Automatic User Information Extraction
MUXI includes a powerful automatic user information extraction system that can identify and store important information about users from conversations. This guide explains how the extraction system works and how to configure it in your MUXI applications.
User information extraction is designed with privacy in mind. All extraction is opt-in, anonymous users are excluded by default, and safeguards are in place to protect sensitive information.
Overview
The automatic user information extraction system analyzes conversations between users and agents to identify key facts, preferences, and characteristics.

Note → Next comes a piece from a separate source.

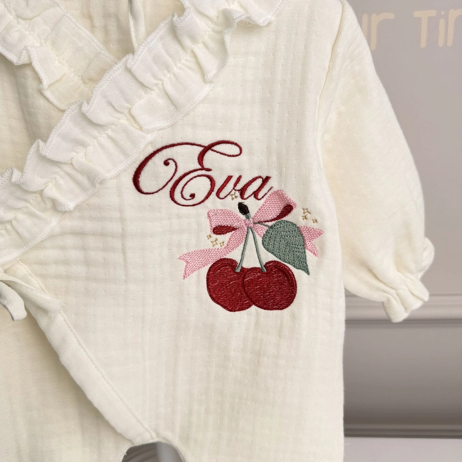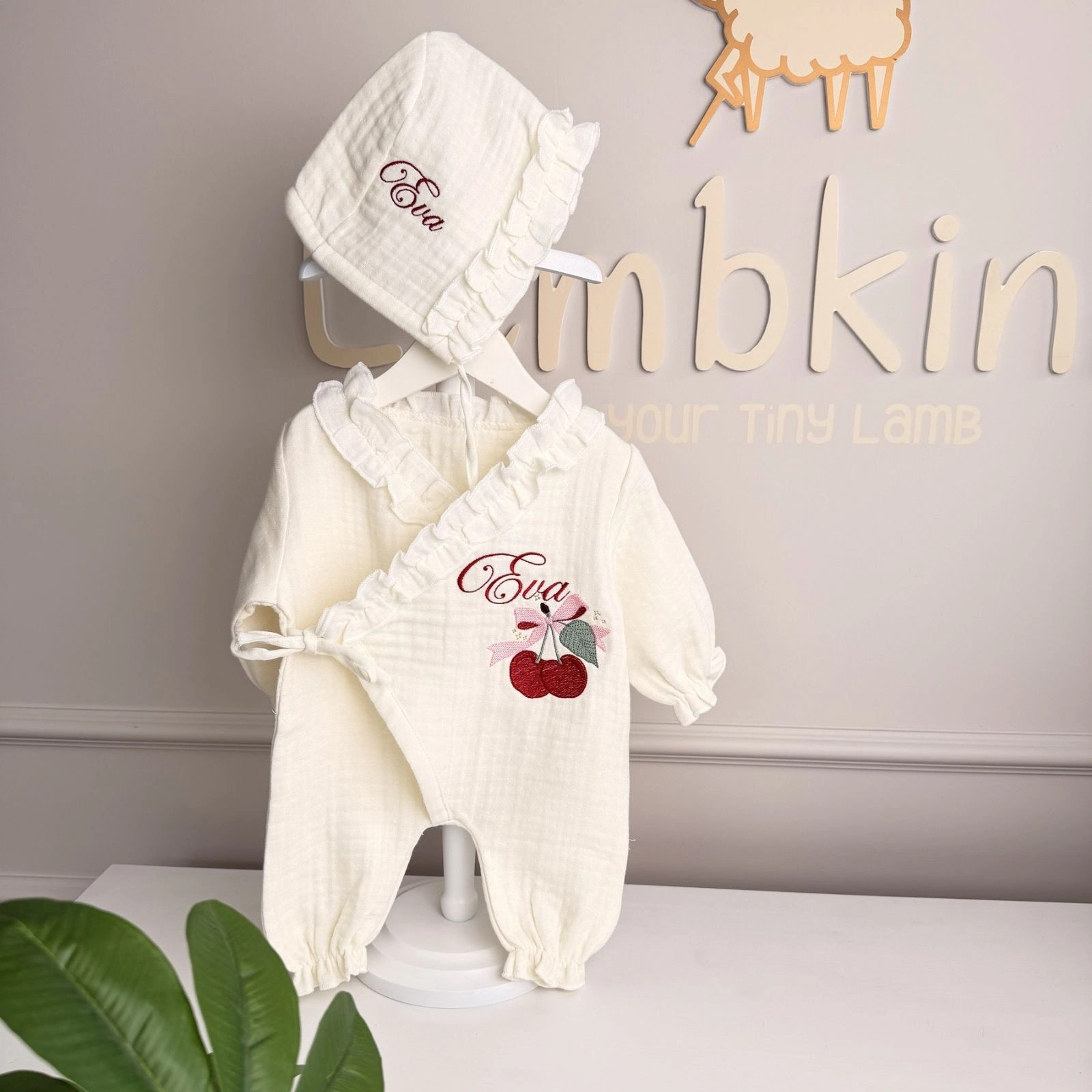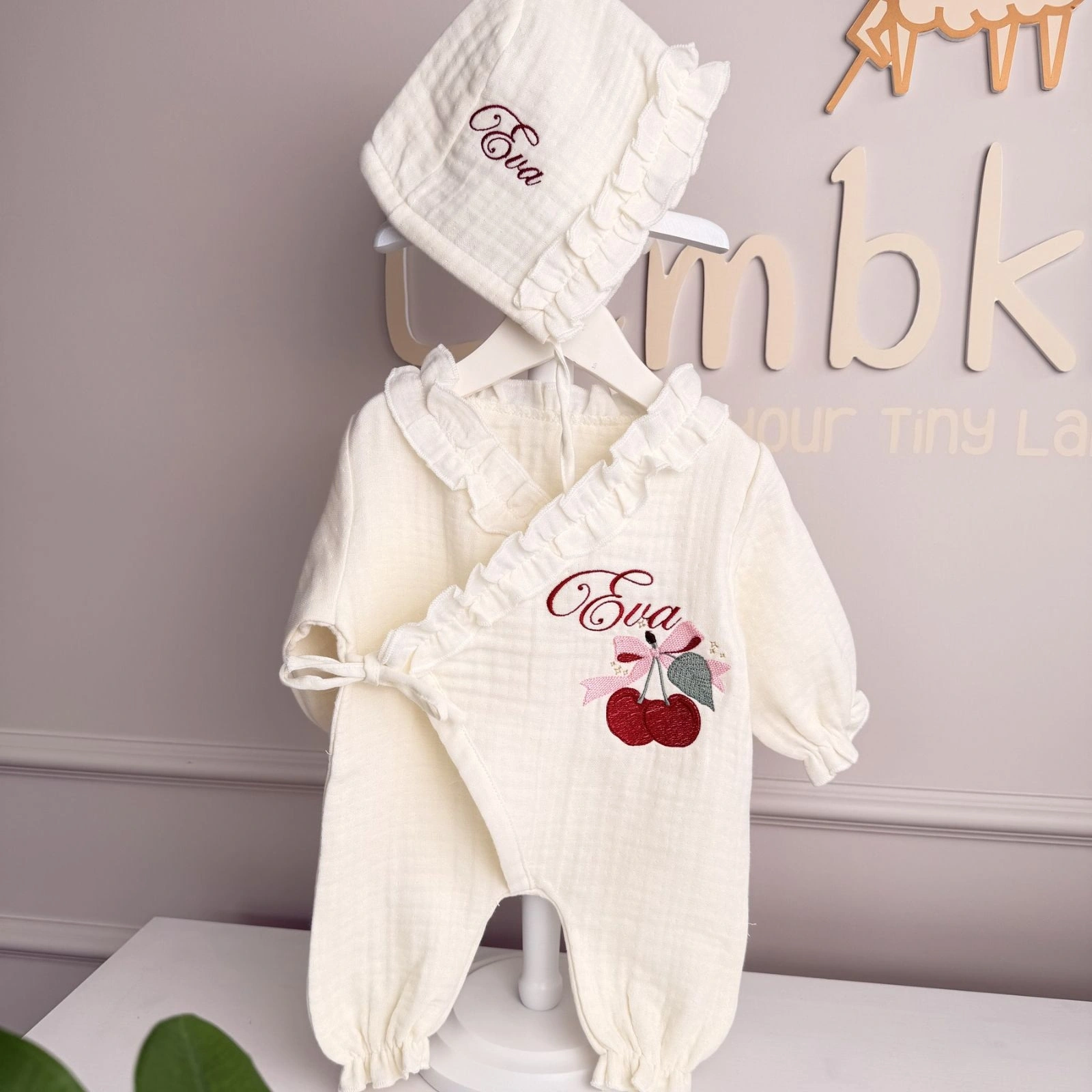 %100 pamuk müslin kumaştan hazırlanan kruvaze yaka tulumumuz, yenidoğan bebeklerin hassas cildi düşünülerek özenle tasarlanmıştır.
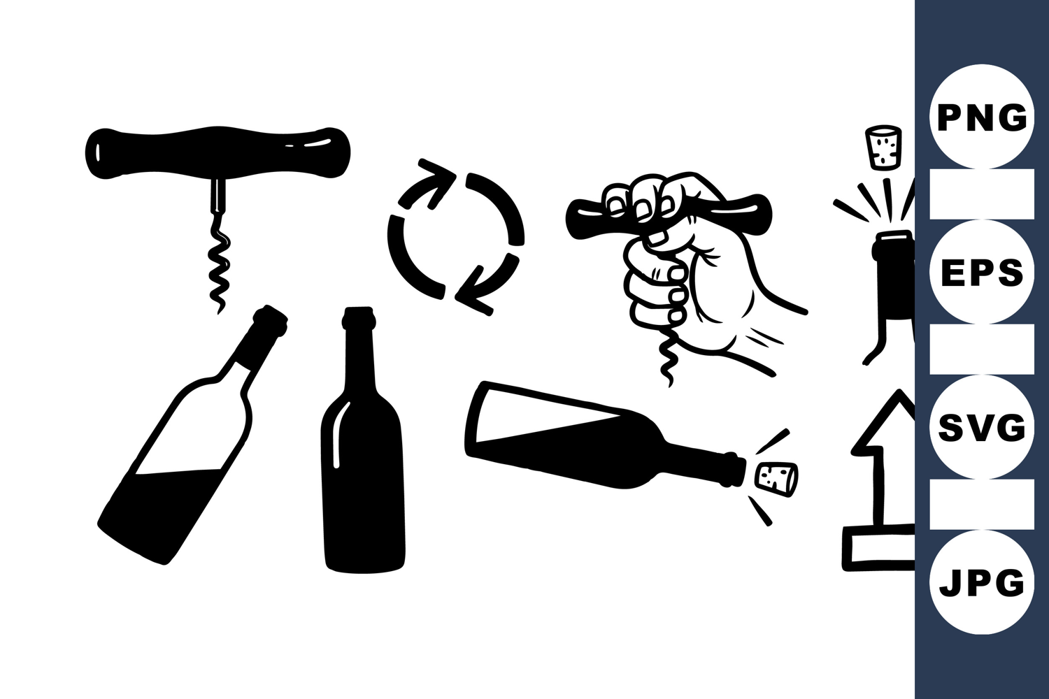 Silhouette illustration shows a hand using corkscrew to open sparkling wine bottle with cork popping out and recycling arrows, simple monochrome style, clear concept

It then stores this information in the user’s context memory, making it available for future interactions.
Key Features
- Zero-effort personalization: Remembers important user information without explicit programming
- Importance scoring: Prioritizes information based on relevance and significance
- Confidence assessment: Evaluates certainty before storing information
- Conflict resolution: Handles updates when new information contradicts existing data
- Privacy controls: Protects user privacy with opt-out mechanisms and anonymous user exclusion
Architecture
The extraction system follows a centralized architecture:
- MemoryExtractor: Core class that analyzes conversations and extracts information
- Orchestrator: Manages the extraction process and coordinates with agents
- Agent: Delegates extraction to its parent Orchestrator
When a user interacts with an agent, the conversation is processed asynchronously to extract important information without impacting response times.
Implementation Details
The extraction process works as follows:
- User sends a message to an agent
- Agent processes and responds to the message
- Agent delegates extraction to the Orchestrator
- Orchestrator processes the conversation asynchronously
- MemoryExtractor analyzes the content to identify key information
- Extracted information is scored for importance and confidence
- Valid information is stored in the user’s context memory
- Future conversations include this information in the agent’s context
Configuration
Basic Setup
Automatic user information extraction is enabled by default in the Orchestrator. You can explicitly configure it as follows:
Declarative way
# app.py
from muxi import muxi
from dotenv import load_dotenv
import os
# Load environment variables
load_dotenv()
# Initialize MUXI with extraction enabled
app = muxi(
buffer_memory=15,
long_term_memory="postgresql://user:pass@localhost/db",
auto_extract_user_info=True, # Enable automatic extraction
config_file="configs/muxi_config.yaml"
)
Programmatic way
import os
from muxi.core.orchestrator import Orchestrator
from muxi.models.providers.openai import OpenAIModel
from muxi.server.memory.buffer import BufferMemory
from muxi.server.memory.long_term import LongTermMemory
# Initialize components
model = OpenAIModel(
api_key=os.getenv("OPENAI_API_KEY"),
model="gpt-4o"
)
buffer = BufferMemory(15)
long_term_memory = LongTermMemory(connection_string="postgresql://user:pass@localhost/db")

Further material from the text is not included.